Я не только слышал о Герасимовиче, но и читал его книгу «Вселенная при свете теории относительности», В моей библиотеке эта книжка была из любимых — блестящая монография о великой теории Эйнштейна с позиции не физика, а астронома, даже философа. Герасимович так оригинально выстроил научный материал, столько увидел нового во всесторонне расписанном принципе относительности, что можно было только поражаться. И восхищаться.
— Да, Борис Петрович был человек блестящий, — печально подтвердил Козырев. — И в личном плане, и как ученый. Столько глубоких работ! Такая широта научных влечений! Вероятно, не было у нас другого астронома с таким спектром фундаментальных интересов. И солнце, и звезды, и космические лучи, и энергия в космосе, и история науки… Вы знаете, что его погубило? Почти четыре года проработал в Гарвардской обсерватории — и так его принимали, так ценили американские ученые!.. Естественно, его арестовали в первые же посадки и приписали шпионаж: что еще можно приписать крупному астроному, общавшемуся с иностранными учеными? И в тридцать седьмом расстреляли, а перед расстрелом заставили выдумать шпионскую организацию, он туда включил и меня, я ведь уже переписывался с иностранными учеными. Правда, за границей не бывал — это «учли», ограничились пятью годами тюремного заключения. Но, как видите, самим надоело держать меня в тюрьме, и выпроводили в Норильский лагерь.

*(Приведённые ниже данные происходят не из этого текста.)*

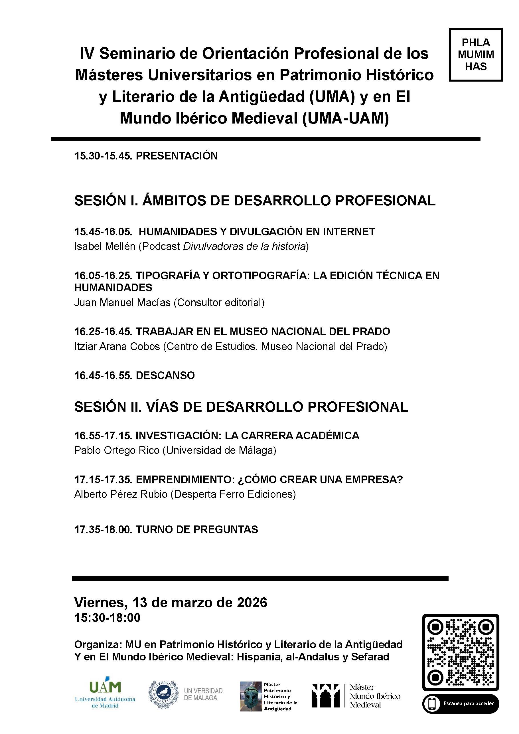 IV Seminario de Orientación Profesional de los Másteres Universitarios en Patrimonio Histórico y Literario de la Antigüedad (UMA) y en El Mundo Ibérico Medieval (UMA-UAM)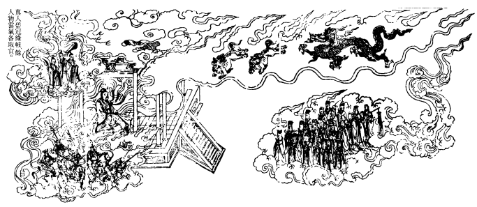 真人碧冠绿帔黄服,车辇人物云彩并取宜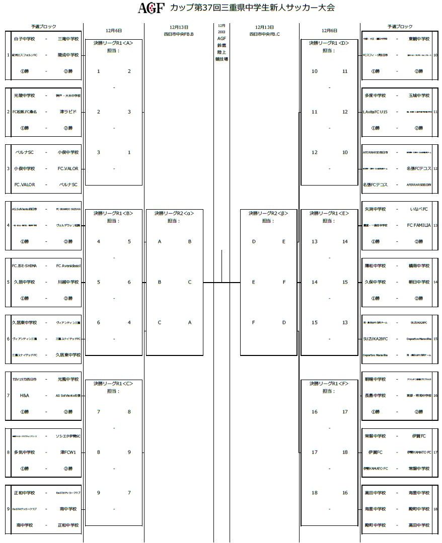 AGFカップ 第36回三重県中学生新人サッカー大会予選ブロック

— Но ведь Герасимович понимал, что расстрела ему не избежать, раз он столько лет провел в Америке. Он мог уйти в могилу, не стаскивая за собой вас, Николай Александрович.
— Вероятно, уже не мог, — задумчиво говорил Козырев. — Я много думал о нем и старался себе представить состояние Бориса Петровича. Крупный ученый исследователь звездного мира, никакой не политический деятель, и плевать ему, вероятно, на земные распри… А его топчут ногами, харкают в рожу — ты шпион, ты террорист, ты только прикидывался званием астронома, в душе жаждал одного — свалить советскую власть! Признавайся, гад, кто тебя поддерживал, кого сам завербовывал в преступную организацию!.. Он изнемог душевно и телесно от чудовищной лжи обвинения, от «допытных» методов… Думаю, так это было. Нет, он прямо не обвинил меня в антисоветских действиях, только причислил к своим сторонникам и помощникам. В смысле научном — это было верно. Но ведь наука следователей интересовала меньше всего…
— Пять лет ни за что ни про что! — негодовал я. — Астронома оторвали от звезд и впихнули в земную грязь. Кому и зачем это надо?
— Вас тоже оторвали от науки и впихнули в грязь, да на десять лет, а не на пять. Давайте поговорим о чем-либо более приятном.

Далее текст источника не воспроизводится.